Melodienreich und "dankbar" für alle Beteiligten, auch die Frau oder den Mann am Klavier, präsentieren sich die im "Vol.1" der Kienzl-Edition versammelten Piècen aus den unterschiedlichsten Schaffensperioden; Gefällig-Kantables ist reichhaltiger vertreten als aufgeraute "Ausdruckslieder" (ein paarmal vertont Wilhelm Kienzl Gedichte, die uns mit Musik von Franz Schubert vertraut sind), aber dank des Wechselspiels zwischen Sopran-, Tenor- und Bariton-Kompositionen erlahmt das Ohr nicht.

Preziosen in guter Sängerbesetzung

Christiane Libor, eine "Fidelio"-Lenore, Marschallin und Isolde der Opernbühne, der von Hohenemser und Schwarzenberger Schubertiaden her bekannte Carsten Süss und Jochen Kupfer, zuletzt als Don Giovanni an der Komischen Oper Berlin und der Semperoper Dresden erfolgreich, ergeben ein junges Trio, das auch aus Kienzls Texten etwas "macht".

Schön wär's, wenn das bei uns jemand eingefallen wäre, diese Kienzl-Preziosen in guter Sängerbesetzung der Vergessenheit zu entreißen, aber: es musste der Anstoß aus Großbritannien kommen ... "Vol.2" (und darüber hinaus?) wird hoffentlich noch viel mehr schöne und die Wiederentdeckung lohnende Lieder aus der Feder des speziell mit der Stadt Graz so eng verbundenen Musikers neu ans Tageslicht bringen.
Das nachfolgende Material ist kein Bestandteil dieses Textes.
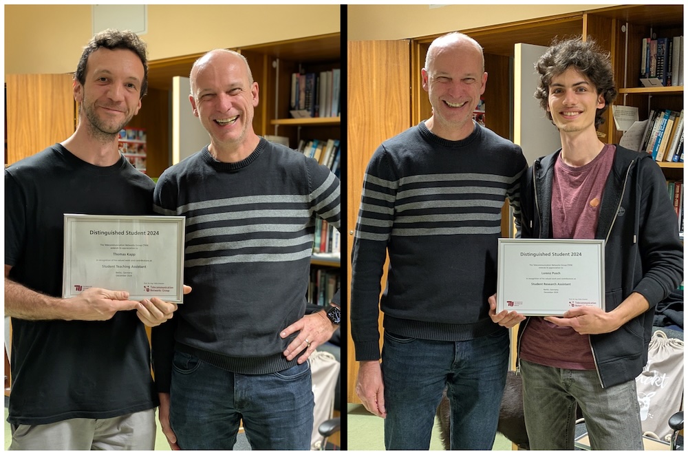 The TKN team received multiple awards for best bachelor and master theses from the German GI/ITG SIG on Communication and Distributed Systems. In addition, team members gave highlight talks on hot topics in networking and communications at NetSys 2025. Rebecca C. Pampu received a best thesis award for her Bachelor thesis Identification of the Signal Source among Multiple Simultaneous Senders in an Air-based Molecular Communication Channel. Isabel von Stebut received a best thesis award for her Bachelor thesis Resilience through Cross-Technology-Communication. Lisa Y. Debus received a best thesis award for her Master thesis Decoding Media Modulation Sharply: A Reinforcement Learning-based Receiver. Youming Tao presented a highlights talk of our recent paper Communication Efficient and Provable Federated Unlearning. Anatolij Zubow presented a highlights talk of our recent paper Hybrid-Fidelity: Utilizing IEEE 802.11 MIMO for Practical Aggregation of LiFi and WiFi.Best Paper Award at ReNeSys 2025

Krips und Wunderlich mit Mahler

Wieviel hat Wilhelm Kienzl mit Gustav Mahler anfangen können? In seiner 1904 in Berlin veröffentlichten autobiographischen Schrift "Aus Kunst und Leben" teilt er aufgeschlossen Eindrücke von Bruckner- und Mahler-Aufführungen seiner Zeit mit. A propos Gustav Mahler: Von Josef Krips dirigiert, ist bei der Witwe, Harrietta Krips, ein Band einer Aufführung des "Lieds von der Erde" aufgetaucht, das der Österreichische Rundfunk nicht mehr besaß - Wien 1964, Musikverein, Wiener Symphoniker, eine Aufführung in der Tenor-plus-Bariton-Version des Werkes, die Fritz Wunderlich und Dietrich Fischer-Dieskau mehrfach gemeinsam aufgeführt haben, nach übereinstimmendem Bekunden aber nie gelungener als an diesem Abend.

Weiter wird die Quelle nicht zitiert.